UST Price Collapse – May 2022
TerraUSD (UST) lost its $1 peg and crashed below $0.10 within weeks. MyConstant’s investment of $11.9 million resulted in nearly $8 million in losses.
He continued to publish misleading reports even after the loss, falsely portraying loan performance and platform stability to retain investor confidence.The SEC confirmed that Huynh also misappropriated $415,000 for personal expenses and created fabricated loan summaries to maintain the illusion of normal operations. These actions, coupled with the high-risk UST investment, placed investor funds in significant jeopardy.
MyConstant had already faced enforcement action from California regulators in December 2022, when the Department of Financial Protection and Innovation issued a cease-and-desist order.
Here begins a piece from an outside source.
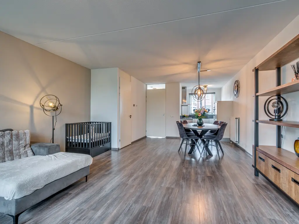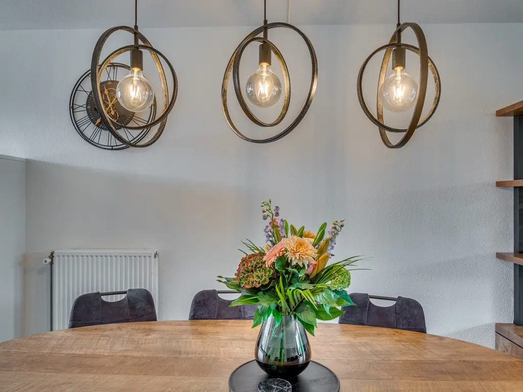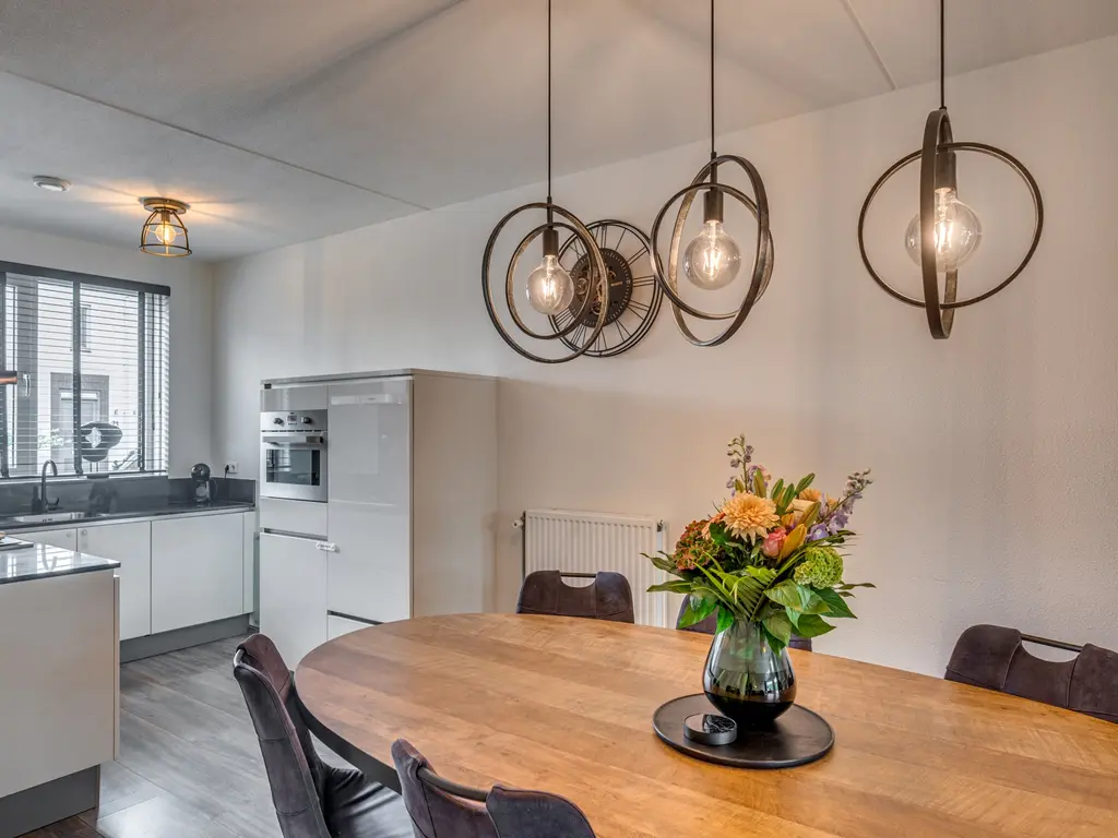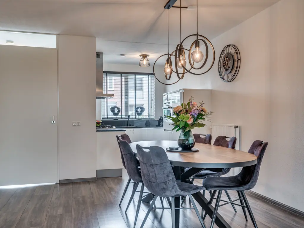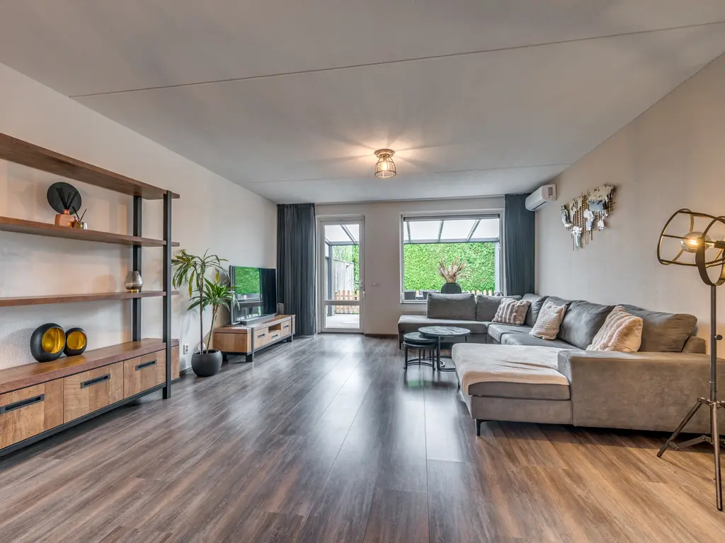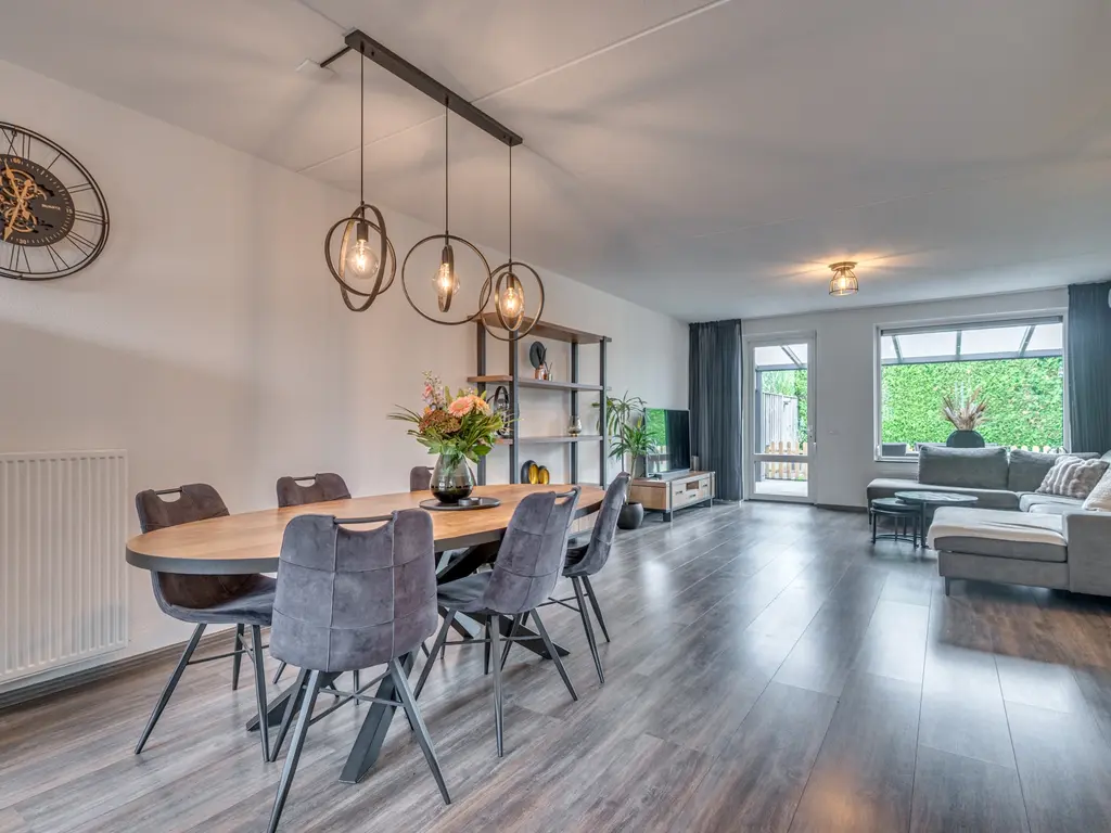 Dankzij de raampartijen aan de voor- en achterzijde en de tuindeur geniet je hier van veel natuurlijk licht en direct contact met de tuin. De strakke laminaatvloer en neutrale afwerking zorgen voor een warme, eigentijdse sfeer.

The DFPI accused the platform of offering unregistered interest-bearing products and operating without a lending license. By late 2022, MyConstant paused withdrawals and acknowledged that it could no longer function as a viable lending service. It has since returned $1.8 million to customers and placed the remaining assets under $10 million in a trust for future recovery efforts.
The SEC’s action is the first federal settlement aimed at securing restitution for investors. Huynh has been permanently barred from serving as an officer or director of any publicly registered company. The SEC may also initiate a Fair Fund distribution if deemed practical to compensate victims.